As I've recently been understanding signalling/status behaviors common among humans and how they can cloud reality, I've had a tendency to automatically think of these behaviors as necessarily bad. But it seems to me that signalling behaviors are pretty much a lot of what we do during our waking life. If you or I have abstract goals: become better at physics, learn to play the guitar, become fit and so forth, these goals may fundamentally be derived from evolutionary drives and therefore their implementation in real life would probably make heavy use of signalling/status urges as primary motivators. But that does not necessarily reduce the usefulness of these behaviors in achieving these abstract goals1,2.
I suppose what we need to be cautious about are inefficiencies. Signalling/status behaviors may not be the optimal way to achieve these goals. We would have to weigh the costs of actively ignoring your previous motivators and cultivating new motivators against the benefit we would gain by having motivations more aligned to our abstract goals.
Any common examples of behaviors that assist and/or thwart goal-achievement? I've got one: health. Abstract goal: We want to be healthy and fit. Status/Signalling urge: desire to look good. The urge sometimes assists, as people try to exercise to look good, which makes you healthier. Sometimes it thwarts, like in the extreme example of anorexia.

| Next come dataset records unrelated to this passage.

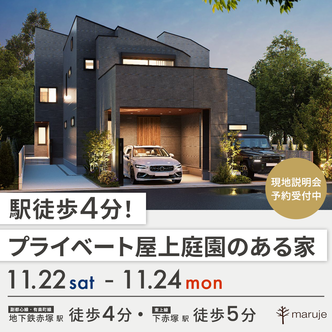 ホームお知らせ現地説明会開催【地下鉄赤塚駅徒歩4分】 現地説明会開催【地下鉄赤塚駅徒歩4分】|株式会社マルジェ News お知らせ 2025.11.17 お知らせ イベント 現地説明会開催【地下鉄赤塚駅徒歩4分】 屋上庭園のあるコンセプト住宅 地下鉄赤塚237 GALLERY+ 副都心線・有楽町線「地下鉄赤塚」駅徒歩 4 分今週末、現地にて説明会を開催いたします♪ 近隣にモデルハウスの用意もございますので是非この機会にお立ち寄りください。【開催日程】11月22日(土)・23日(日)・24日(月)10:00~17:00 【現地住所】練馬区田柄2-37-19 一覧へ戻る CATEGORY お知らせ イベント ARCHIVE 2025 2024 2023 About us マルジェについて Creator produce コンセプト住宅ラインナップ Works 施工実績 Company 会社概要 Contact お問い合わせ まずは、モデルハウス見学で“こだわりのコンセプト住宅”を体感。 03-3559-1511[営業時間] 9:00〜18:00 (⽔‧⽊ 定休) お問い合わせ‧資料請求 Event現地説明会開催情報 Property物件情報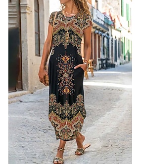 Dámské maxi šaty příležitostné šaty vintage dovolená běžný střih květinové krátké rukávy kulatý výstřih černá žlutá khaki léto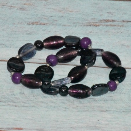 Lot de deux bracelets en perles de verre dans les tons mauve / violet.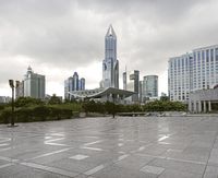 A stunning view of the modern architecture and skyline in Shanghai, China, against a grey sky.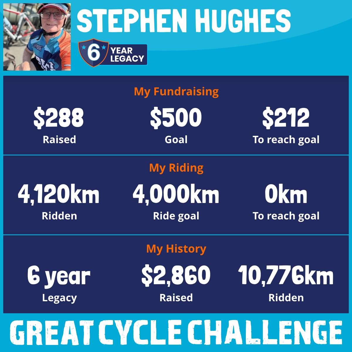 As it comes ever so close once again to ride i dedicate this ride to my friends and my dear Dad who have lost their battle to this disease Cancer by doing this and also riding for our future kids with Cancer we fight the battle to win and give them the chance to also be a survivor and live on as research and medical treatment becomes available to kick Cancers butt from our kids who have not even lived life but will because each one of us that rides makes this possible through the funds raised by the challenge warm Regards Stephen T Hughes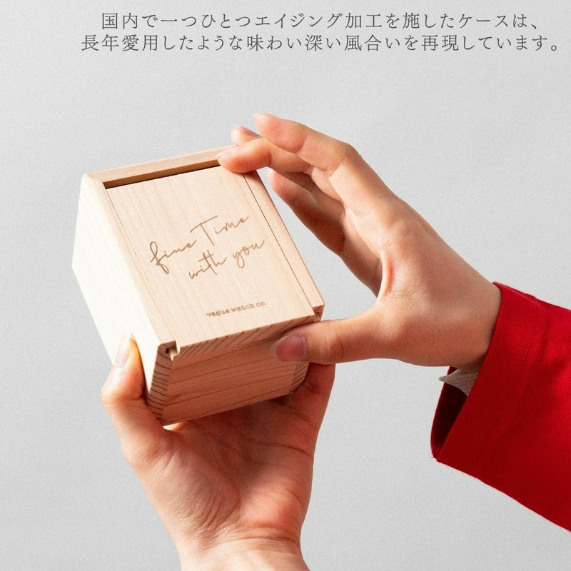 VAGUE WATCH Co.初となる"クロコダイルベルト"をあしらった「COUSSIN 12」。文字盤はモデル名のとおり"12"のアップライトインデックスを配したミニマルなデザイン。ベルトは国産のクロコダイルを使用したこだわりの作りで、シンプルな文字盤デザインと相まって"大人の装い"を演出します。ブランドの特徴でもあるエージング加工を施した本体ケースは長い時間を経てきたような風合いを表現しています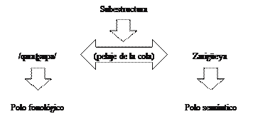 El zoónimo propuesto conceptualmente alude a la zarigüeya. Esta etiqueta se genera a partir de la conceptualización de la forma del rabo de este animal como una característica saliente para los quechuahablantes centrales. El nombre de la zarigüeya, precisamente, surge sobre la base de la focalización de su rabo sin pelaje. La esquematización de este proceso de nominación se ofrece en la siguiente figura:

Has anybody made personal trade-offs?
Note:
1) I realize that this theme is underlying in many LW posts.
2) I'm not trying to talk about whether abstract goals are more important than signalling/status goals.
I attribute bed-making and similar things as reducing the cognitive cost of visual processing. If you enter a clean room, it's easy to asses what few things are present. But if there is a mess, there are all those extra visual objects which must be sorted through in your visual attention circuits.
Having said that, I think avoiding cognitive cost is something we acquired from evolution because thought was very costly in terms of calories. So it might not be valid to continue avoiding, especially when it comes to questions more important than bed-making. This is one reason we rely on cached thoughts and so forth. Does anyone remember if there was a sequence post on the caloric cost of thinking?
This fits with the studies that I have read (the abstracts of) pertaining to the effect of clutter on both productivity and indicators of stress.